This is a quick demo and presentation about go1.11 modules based on my (very limited) experience. This talk was given at the Boulder Gophers meetup.
- Poll the audience: Who has ran vgo, who has used modules?
- I'm not an expert at this stuff. I haven't used it on any projects yet but I think what exists in Go 1.11 is an improvement on the current dependency management situation.
- A module is a tree of packages that share a common prefix and are versioned together.
- This is typically a repository but you can have multiple modules per repo if needed.
- Modules in 1.11 includes changes to the Go toolchain.
- Modules follow the "Import Compatability Rule":
If an old package and a new package have the same import path, the new package must be backwards compatible with the old package.
- Then how do you introduce breaking changes?

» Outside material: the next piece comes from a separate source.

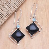 Handmade Blue Topaz Buffalo Horn Silver Dangle Earrings 'Ice Storm' Item ID: 2671746634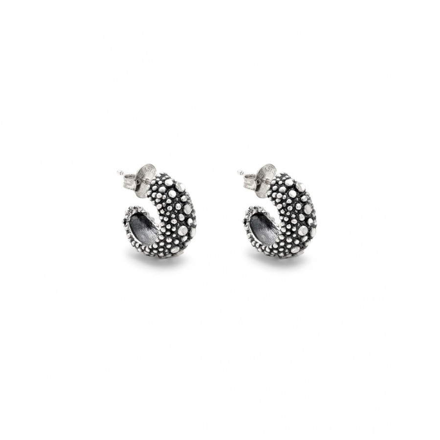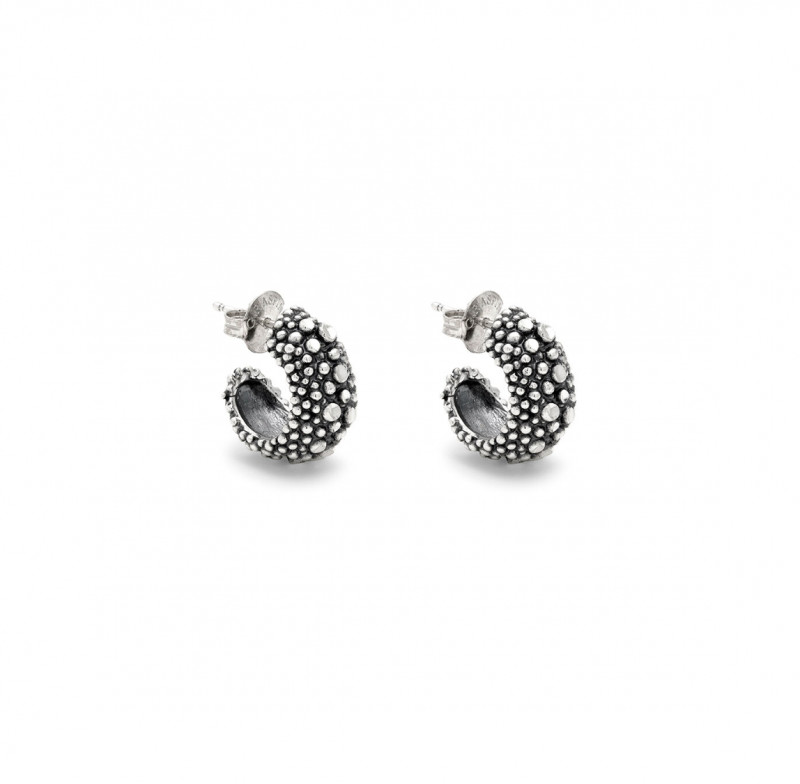 Raffinati e luminosi, gli orecchini Petit Perlage uniscono sapienza artigianale e design contemporaneo. Realizzati con la tecnica della fusione a cera persa, presentano una superficie in argento brunito, animata da un pavé di microsfere finemente diamantate.

- Major versions above v1 are included in import path. So v1 and v2 of a
module have different import paths. For example
- import "foo" // pre-1.x.x
- import "foo" // 1.x.x
- import "foo/v2" // 2.x.x
- import "foo/v3" // 3.x.x
- This means your final program can use multiple major versions of a module.
- A module is defined by a
go.modfile being in the ancestry of the directory. - This file contains the module path as well as all dependencies and versions.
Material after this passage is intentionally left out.